Each company\corporation gets its legal powers from the laws in the Country in which it has been incorporated, particularly the Company law. Normally the powers, given the company, come from the Company law, court decisions related to such issues and the articles of incorporation/association. Simultaneously, at the same time, there are limitations imposed on the powers of the company and likewise its management. Such constraints generally arise in certain laws, articles of association and by-laws of the company.
For many years Courts took the view that acts done by corporations that were beyond the authority given by either the law of incorporation or articles of association were void and of no effect. A transaction that was beyond the company powers was said to be ultra vires or out of jurisdiction. The competent authority, a shareholder or the company itself, could prevent the enforcement of an ultra vires contract. This view, as seen by many, was often used by the company to avoid a contract that later looked unattractive because of a change of conditions, unfairness of the other party of the contract or for other reasons. Courts were not of the same view while looking in such cases. Most of them have refused to enforce wholly executory contracts but have let stand contracts that had been performed by both parties. Contracts that had been partially executed represent the most difficult for the courts. Majority of the courts held that such a contract is enforceable if one of the parties has received a benefit.

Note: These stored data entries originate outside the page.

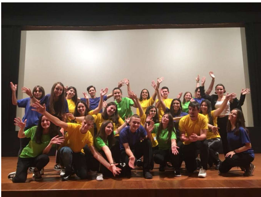
Figura 3 - Atividade de Erasmus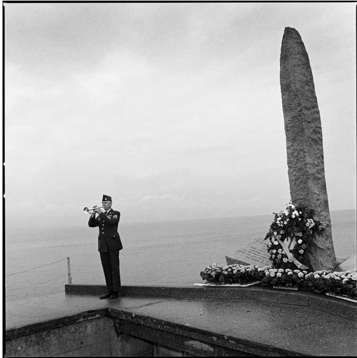
Sonnerie aux morts jouée à la Pointe du Hoc, 1990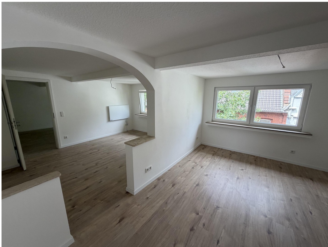
Wohn- / Essbereich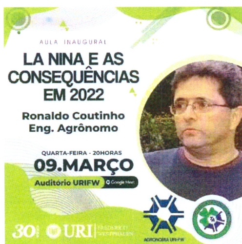
Imagem 07: Aula Inaugural do semestre.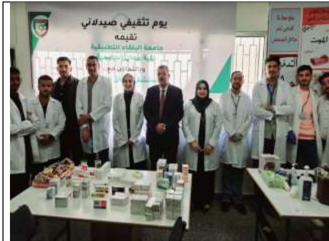
Pharmacist Education Day at Ma'an Governmental Hospital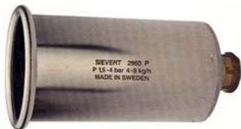
2960 Ø 60 mm, 2 bares 5300 g/h, 68.2 kW 4 bares 8250 g/h, 114 kW

2960 Soplete de Gran Potencia. Muy bien protegido contra el viento para su uso en el exterior, incluso en las peores condiciones atmosféricas.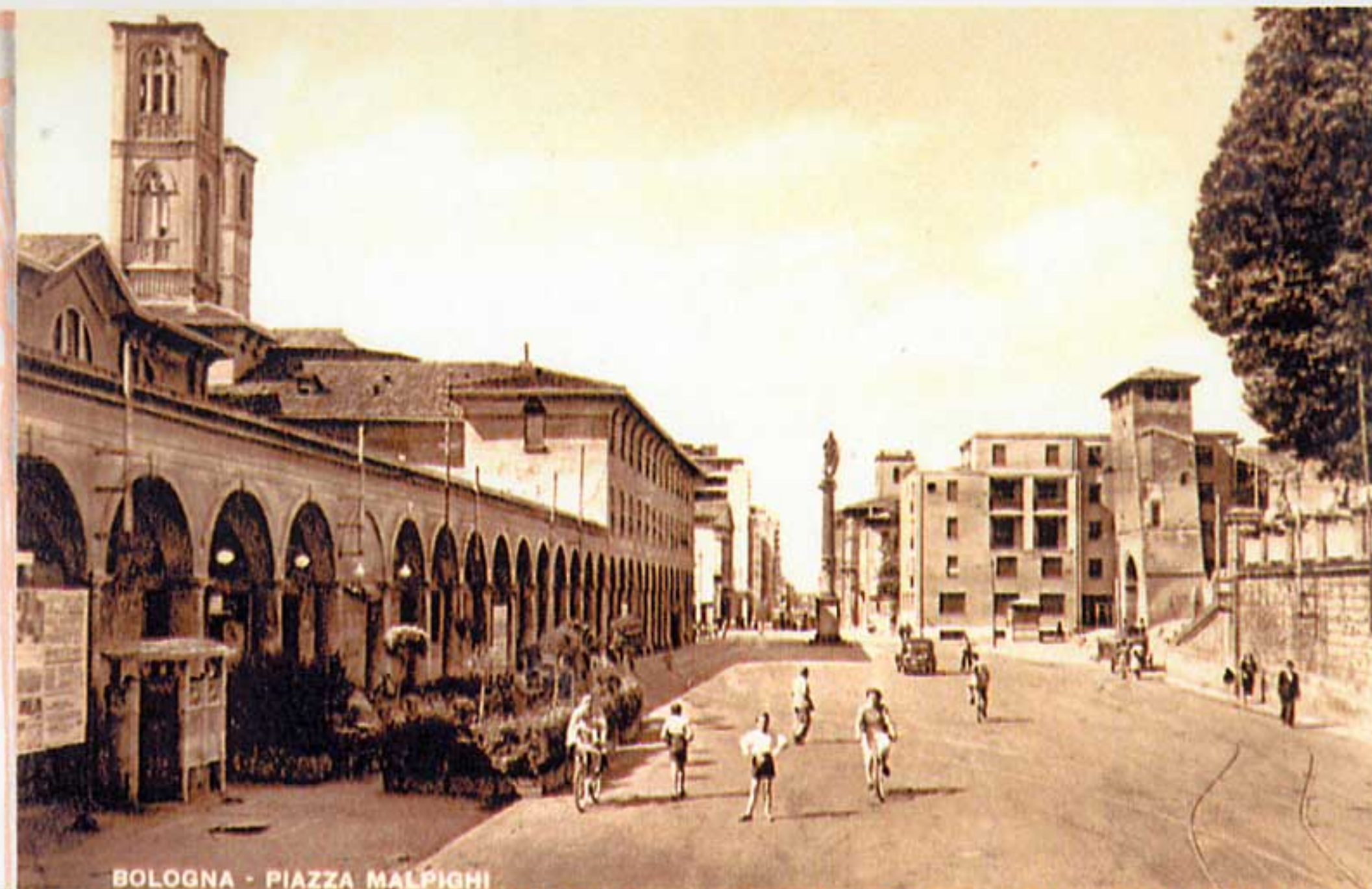
BOLOGNA - PIAZZA MALPIGHI

All'incrocio fra le vie Barberia, Sant'Isaia, e Nosadella. Il nome della piazza, deciso dopo la riforma toponomastica del 1874, onora il grande medico scienziato che a Bologna tenne cattedra, ricevendo onori dalle principali accademie scientifiche d'Europa.

There are views, to eliminate the use of ultra vires as a defense to the enforcement of a contract. However, they permit a shareholder to seek a court injunction to stop a company from carrying out a proposed action beyond its powers. Also, they permit the company itself, a shareholder or a receiver in bankruptcy to bring suit for damages to the company against officers and directors who performed an ultra vires act. Competent authorities are also permitted to enjoin the company from performing unauthorized transactions.
This, among other things, is needed to protect the company itself and its shareholders from certain acts that could be dangerous for them and could harm the existence of the company.